I've recently been talking and guest-posting about the importance of ensuring our protagonists evolve and grow through the choices and decisions they make throughout the course of their stories. Whether these choices and decisions are compelled by something awful (the protagonist up against a threat with no apparent choice) or by something terrific (the protagonist seeing the means to achieve and go for their goal), it's the choices and decisions our protagonists make that go into defining who they are, add solidity to what they're made of, and instill a drive to face new things when they think they've faced everything they can possibly face.
Talking and writing about how the most memorable and most compelling protagonists make choices and decisions all the time, I've caught myself wondering about the sorts of choices and decisions I make in my own life. Do the choices and decisions I make go into defining who I am? Do the choices and decisions I make add solidity to what I'm made of? Do the choices and decisions I make instill in me a drive to face new things—things that may take me out of my comfort zone, things that may make me fearful, things that make me someone more complex than the person I was the day before? Sure I do...sometimes. Once in a while. Not often enough. Certainly not enough, I realize, to be most memorable and most compelling protagonist if I were the main character in a story.
Okay, maybe I'm selling myself short. Maybe every single choice and decision I make over the course of any given day actually adds to my evolution as a person. It sure doesn't feel like it, though, not when I think about what we ask our characters to face in our stories. And this gets me thinking about why we write stories in the first place and why we create the characters we create.
Is it possible we're instilling in our protagonists the abilities, attributes, and drives we may not ourselves have but wish we had? Is it possible we're putting our protagonists into positions where they have to make seemingly impossible choices and decisions that will result in seemingly impossible repercussions in order to test our own boundaries and definitions of what's truly impossible? Is it possible we're forcing our protagonists to face their ultimate "what if?" questions so we can explore how we might behave and react when faced with our own ultimate "what if?" questions? Absolutely! I think this is what writers do all the time—not only do writers write to express and explore the stories inside their heads and hearts, but to express and explore the stories of ourselves, our humanity, our boundaries, and our capacities.

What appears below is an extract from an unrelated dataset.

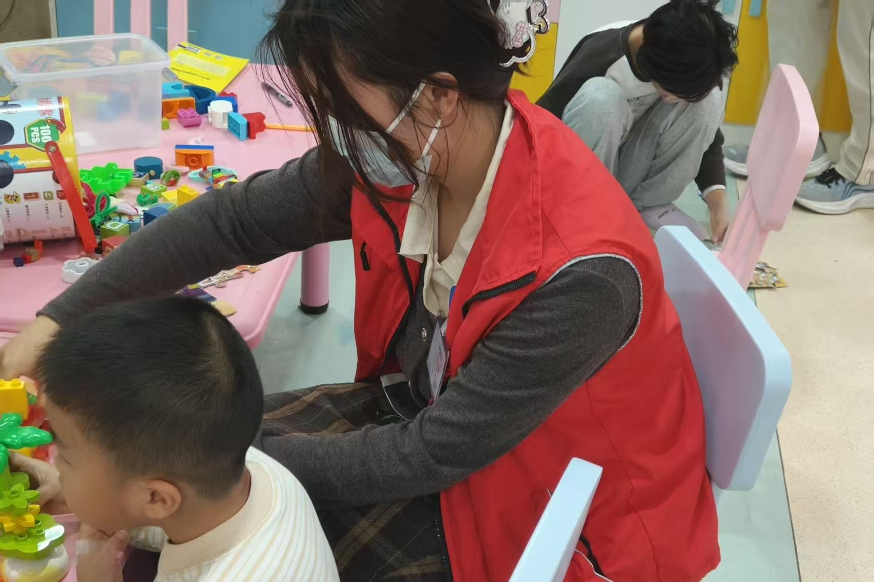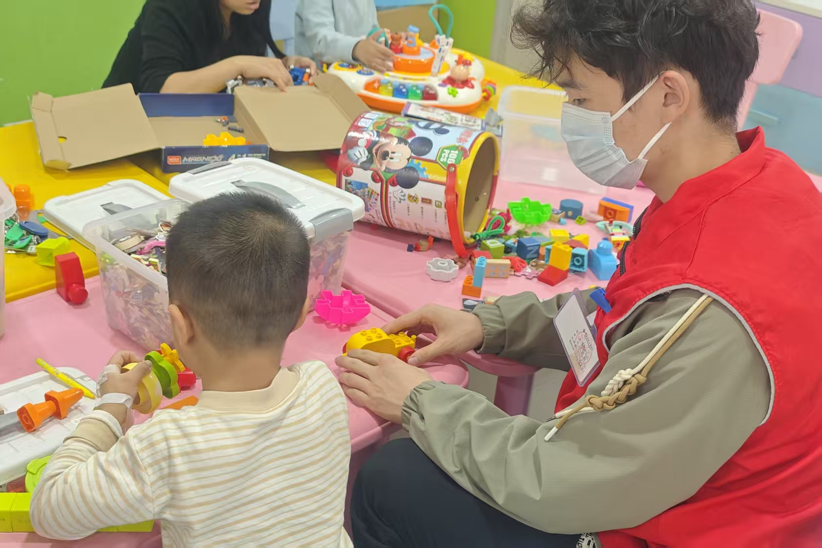 在活动期间,志愿者陪伴住院儿童进行绘画,拼图,搭积木等活动。志愿者们鼓励孩子们发挥想象,大胆创作。在志愿者们的指引下,孩子们逐渐参与到游戏中来,沉浸在轻松快乐的氛围中。孩子们用积木和画笔展现心中所想,通过拼图等益智游戏锻炼逻辑思维能力。在志愿者的陪伴与关爱中,孩子们短暂忘却病痛,脸上露出笑容。
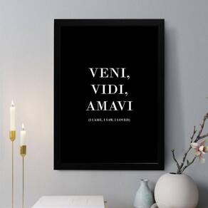 Quadro decorativo veni vidi amavi 45x34cm - com vidro Cor: moldura preta Informações do produto tire todas as suas dúvidas no descritivo abaixo: decoração para quarto, sala, cozinha, escritório, área gourmet e muito mais. Chega de paredes vazias medidas - cada peça tem 45x34cm a3 . Material do papel - papel fotográfico brilhante de altíssima resolução acabamento - todos os quadros são acompanhados de vidro para proteção da imagem. - moldura em madeira maciça na cor preta ou branca conforme produto escolhido e pendurador . - os quadros são embalados de forma segura com plástico bolha com camada dupla de acordo com o tamanho dos quadros. Garantia - garantia de 3 meses. Meu quadro chegou. Como posso fixá-lo Você precisa apenas de um martelo e um prego, pois os quadros já vão acompanhados de penduradores. Esta é a forma mais indicada. Como posso limpar meu quadro A limpeza é feita como um móvel comum da sua casa. Apenas um pano seco ou espanador são suficientes para tal

Though it may not feel like it, all of us, at varying degrees and at varying times, are in positions to make—and do make—the kinds of choices and decisions we ask of our protagonists. Some of the positions in which we find ourselves making choices and decisions will be awful, some will be terrific. Some of the positions in which we find ourselves making choices and decisions will feel utterly impossible, some will feel easy. It's from all of these experiences and how we respond to them that we evolve. And it's from all of these experiences that we write our characters and our stories, putting what we know to be true of ourselves and humanity onto the page for readers to find themselves and discover truths.
I want to be a person who makes choices and decisions that matter, that have repercussions larger than me. I want to be a person who makes choices and decisions that help me on a meaningful path of growth and continuing evolution, no matter how old I am. So when I need inspiration and confidence to keep making those kinds of choices and decisions, I feel lucky to be able to look not only to those people whom I consider to be role models and mentors, but also to protagonists in all sorts of stories.